3.1. Ablation Experiments

To examine the effects of various network branches on the overall model, ablation experiments are a popular experimental technique in the field of deep learning [23]. Three elements of the YOLOX model are improved in this study, and, to analyze the effects of each improvement portion on the model performance, seven sets of ablation experiments are created to examine the effects of various model modifications. In

Table 3. Comparison of mAP for ablation experiments.

Methods	Swin-Transformer	CBAM	Slim Neck	mAPtest
YOLOX	×	×	×	86.17%
Improvement1	✓	×	×	90.52%
Improvement2	×	✓	×	87.13%
Improvement3	×	×	✓	86.30%
Improvement4	✓	✓	×	91.48%
Improvement5	✓	×	✓	90.72%
Improvement6	✓	✓	×	91.48%
Improvement7	✓	✓	✓	92.26%

, “✓“ indicates that the enhancement was employed, while “×” indicates that it was not. All trials were trained on the dataset created in this paper using identical parameters and environments. mAP is the data obtained from the test set.
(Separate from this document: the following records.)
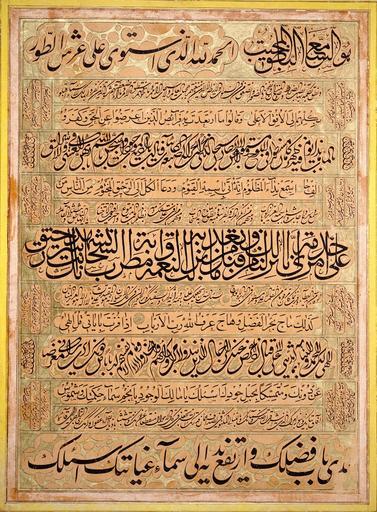 | Keywords: Mishkin-Qalam-23.JPG Calligraphy by Mishkín-Qalam House of Abbud Central Hall Akka <br> The text is from a tablet letter of Baha'u'llah founder of the Baha'i Faith addressed to Ahmad Yazdi <br> Society for Persian Letters Arts Landegg Academy Switzerland 1992 Mishkín Qalam XIX Century Artist Calligrapher Darmstadt Germany Reyhani ISBN 3906714012 This version was taken from the article http //www infosrvr nuk uni-lj si/jana/ICOMd/11Ishikawa pdf ICOM The Conservation and Restoration of a 19th Century Calligraphy of a Baha'i Writing in Arabic by S Ishikawa and P Ravines 1897 Mishkín-Qalam 1826-1912 Reproduction of a painting that is in the public domain because of its age PD-Art Calligraphy by Mishkín-Qalam |
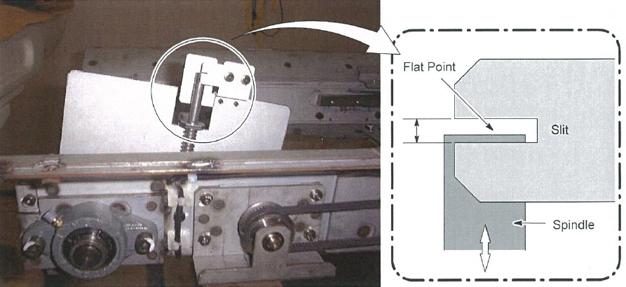 - Adjust position of the pulley so that the flat point of the spindle is in the narrow slit (see Figure 3), and fix the pulley.
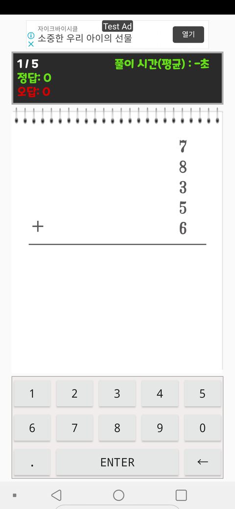 굉장히 발전했죠? 이게 끝나면 뺄셈.. 그리고 곱셈과 나눗셈도 꾸준히 연습하려구요.
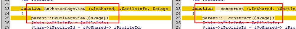I used WinMerge to get this information. It also tells you what the changes are. As I don't have any means of collecting the file names, I could supply screen shots if you need to know. It would probably be quicker to install WinMerge however. Some of the files have one or two changes. This is Photos/classes/BxPhotosPageView.php |
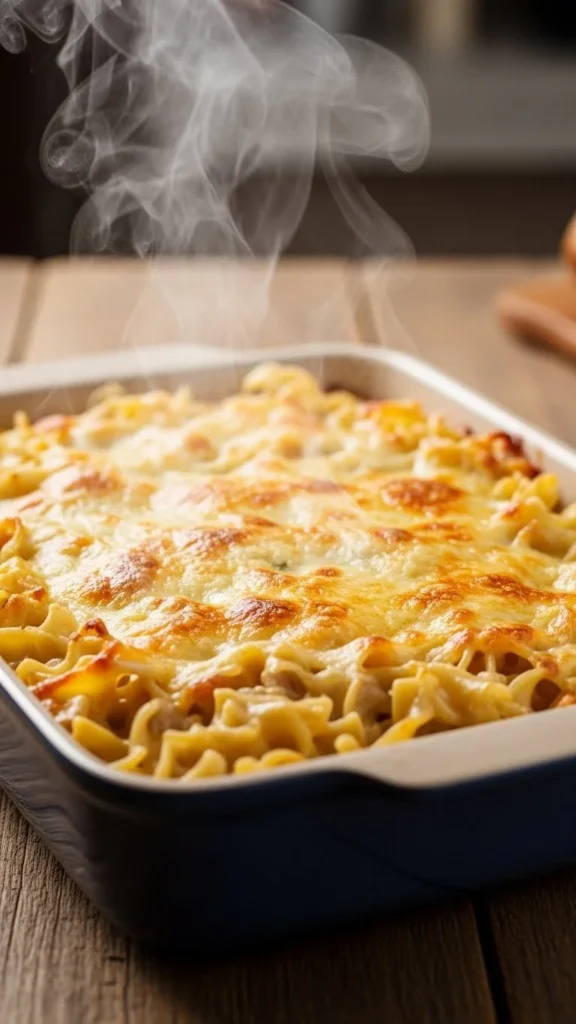 This casserole is smooth, comforting, and perfect for leftover turkey. The noodles soak up the creamy sauce, making each bite soft and warm. It’s a great winter dish for easy dinners.

Analysis of the data in the table reveals that Improvement 1 uses the Swin Transformer network structure as the Backbone of the YOLOX model and that the mAP is improved by 4.35% in comparison to the original YOLOX model, demonstrating that the Swin Transformer has superior feature extraction ability to the CSPDarknet. With a mPA improvement of 0.96%, Improvement 4 enhances Improvement 1 by adding the CBAM attention mechanism module beneath the three efficient feature extraction layers. This allows the network to concentrate more on crucial features and suppress unnecessary ones. Improvement 7 improves the mAP by 0.78% by replacing the PAnet network in the Neck section with the Slim Neck network, which is based on Improvement 4. This minimizes the complexity of the computation and network structure. Comparing the final improvement algorithm to the initial YOLOX algorithm, mAP is improved by 6.09%.

3.2. Analysis of Test Results of Different Models

The improved YOLOX model was compared to five other models on the same dataset used in this paper to assess how well it performed at detecting flames and smoke. The evaluation indices of all the algorithms were totaled, and the results of the comparison experiments are shown in

Table 4. Comparison of evaluation indexes of different models.

Models	fireF1	smokeF1	fireP	smokeP	fireR	smokeR	fireAP	smokeAP	mAP
SSD	74%	61%	85.05%	81.40%	65.29%	48.99%	77.37%	64.82%	71.09%
Faster R-CNN	82%	74%	86.28%	81.32%	77.85%	67.89%	85.40%	78.76%	82.08%
YOLOv4	76%	67%	87.20%	80.99%	67.80%	57.06%	78.96%	70.90%	74.93%
YOLOv5	81%	71%	87.13%	83.83%	76.50%	61.83%	84.44%	76.93%	80.68%
YOLOX	85%	77%	87.52%	81.80%	82.42%	73.39%	88.65%	83.68%	86.17%
Improvement YOLOX	89%	87%	90.99%	87.78%	87.89%	86.97%	92.78%	92.46%	92.26%

and Figure 12 (PR curves for flame and smoke, respectively).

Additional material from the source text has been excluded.